Upper Level Courses: 4000-Level
CJ-4105 Seminar in Youth and the Criminal Justice System:
This course will include an overview and critical examination of the important systemic and policy issues pertaining to youth and the criminal justice system. The key theme of the course is to evaluate the effectiveness of current youth justice strategies, interventions, and legal reforms and to develop informed strategies for change. Specific topics include an examination of public discourse on youth crime and justice both in a historical and current context, the subjective social constructions of adolescents involved with the youth justice system, empirical research on the nature and extent of youth crime and a comparative analysis of the policy choices made in developing frameworks for responding to youth justice.
Restrictions:Honours Form Required
Prerequisite: CJ-1002 or the former CJ-1101
CJ-4105 Course Syllabus [PDF]
CJ-4116 Program & Policy Evaluation:
This course examines methodologies for the formal assessment of social programs using quantitative and qualitative methods of inquiry including survey, interview, observation and case study techniques. The political and social processes framing evaluation research are also discussed. The course requires a student project to apply lessons learned.
Restrictions:Honours Form Required
Prerequisites: CJ-2101/3 or permission of the Instructor.
CJ-4116 Course Syllabus [PDF]
Note: There is a lab component to this course, CJ-4116L - Program Evaluation - Lab
CJ-4122 Capstone:
The course traces the intellectual history of the discipline and evlauates key issues and debates in its theoretical and philosophical development broader questions about the nature and scope of justice and criminal justice are also explored. The course orients students to the major areas of advanced criminal justice inquiry including criminal justice theory; law andthe courts process; policing; and punishment and corrections.

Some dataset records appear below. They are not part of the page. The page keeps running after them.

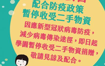 感謝許多關心及幫助學園的您,一直以來送來暖暖的物資,暖暖的用在妹妹的身上及也暖暖的在心裡。 但因應新型冠狀病毒防疫,減少病毒傳染途徑,即日起學園暫停收受二手物資捐贈,敬請見諒及配...
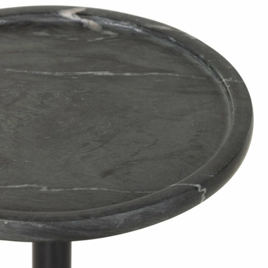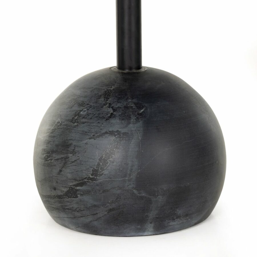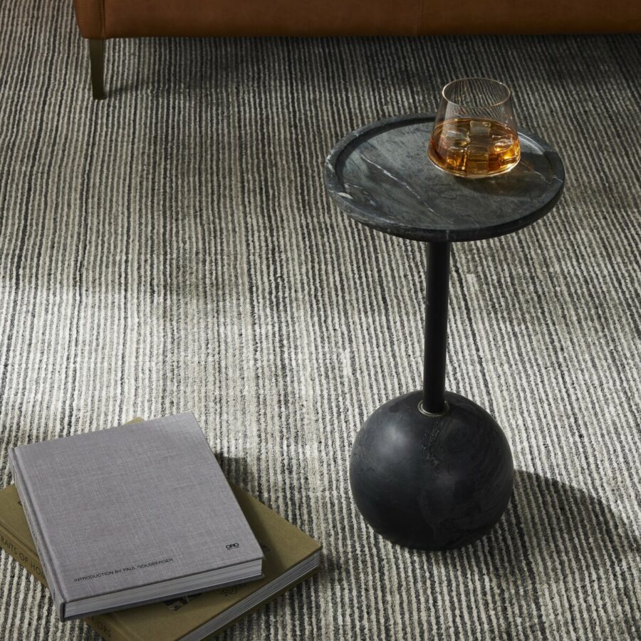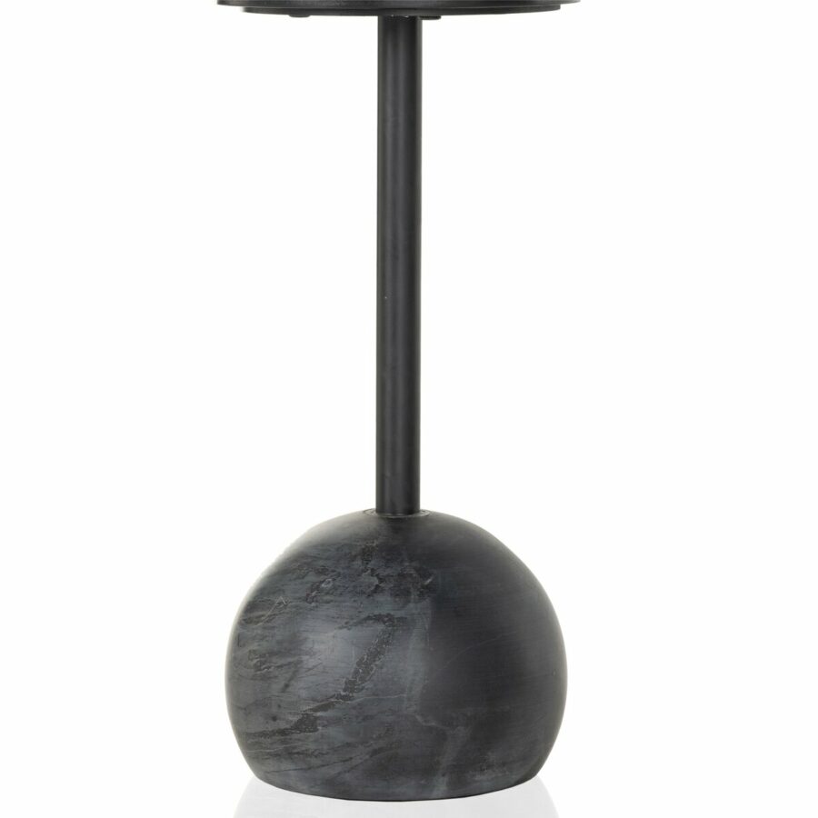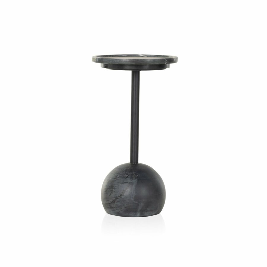 A sphere-shaped base of amber cast glass supports slim, black-finished iron piping and a tray-style tabletop that’s perfectly sized to keep your favorite book or nightcap within reach.
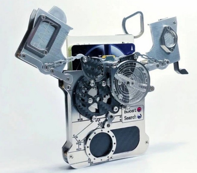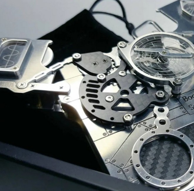 Chiếc hộp đựng thẻ trông có vẻ điên rồ và như thể đến từ tương lai này là sản phẩm của công ty thiết kế SM Factory, Nhật Bản. Chiếc hộp đựng này làm hoàn toàn bằng hợp kim nhôm và carbon duralumin với hệ thống bánh răng dày đặc và các chốt liên kết với nhau.
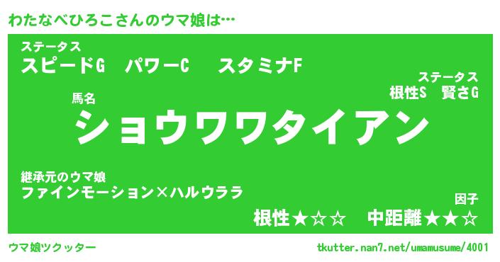 | 2回繰り返すあだ名 | 『わたわた』『わわたた』『いらいら』 |
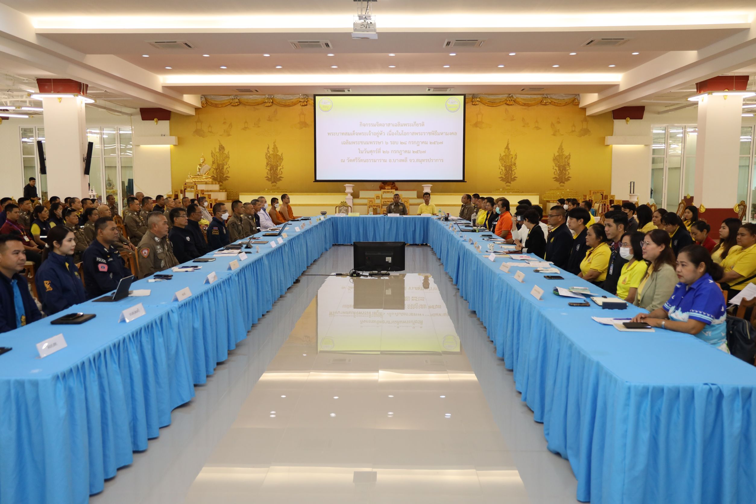 วันที่ 19 กรกฎาคม 2567 เวลา 13.30 น. นายไพโรจน์ โชติกเสถียร ปลัดกระทรวงแรงงาน มอบหมายให้ นางสาวกรจิรัฏฐ์ พงจันทร์ศธร ผู้ช่วยปลัดกระทรวงแรงงาน เข้าร่วมประชุมร่วมกับหน่วยงานภาครัฐ ร่วมหารือในการจัด “งานเฉลิมพระเกียรติพระบาทสมเด็จพระเจ้าอยู่หัว เนื่องในโอกาสพระราชพิธีมหามงคลเฉลิมพระชนมพรรษา 6 รอบ 28 กรกฎาคม 2567 โดยมี พลตำรวจตรีวิชิต บุญชินวุฒิกุล ผู้บังคับการตำรวจภูธรจังหวัดสมุทรปราการ เป็นประธานการประชุม พร้อมด้วยหน่วยงานที่เกี่ยวข้อง เข้าร่วม ณ ห้องประชุมบัววารี วัดศรีรัตนธรรมาราม ตำบลบางโฉลง อำเภอบางพลี จังหวัดสมุทรปราการ

Restrictions:Honours Form Required
Prerequisite: CJ-1002 or the former CJ-1101
CJ-4123 Honours Thesis in Criminal Justice:
The Honours Thesis provides students the opportunity to complete an extensive research paper or conduct a research project on a subject of interest relevant to the discipline. In addition to completing the project, students in this course are expected to meet with a faculty supervisor on a regular schedule throughout the academic year. Presentation of their reseach results verbally and in thesis form to the Criminal Justice Department are integral to the course.
Restrictions:Honours Form Required
Prerequisite: CJ-4122
CJ-4130 Advanced Criminal Law:
This course examines Canadian criminal law in depth with a particular emphasis on the constitutional issues affecting the disposition of the criminal trial. In addition, complex substantive areas are also surveyed. The course focuses on conceptually advanced criminal law areas including inchoate offences, advanced issues in defences, sexual offences, public order offences, offences against the state and against the administration of justice, and offences pertaining to group responsibility. Students are introduced to the fundamentals of legal research and reasoning through course assignments.
Restrictions:Honours Form Required
Prerequisite: CJ-2130/3 and CJ-3130/3.
CJ-4130 Course Syllabus [PDF]
CJ-4300 Critical Criminal Justice Theory:
This course examines some of the major critical theoretical perspectives of the social sciences. The course is intended of to offer an advanced discussion of Marxist, Foucaultian, and newly emerging critical realist perspectives as they are used to make sense of criminal justice.
Restrictions:Honours Form Required
Prerequisite: CJ-2100/3
CJ-4400 Selected Topics in Criminal Justice:
This course studies specific topics in Criminal Justice at an advanced level. Students should consult the department regarding potential offerings in a given year.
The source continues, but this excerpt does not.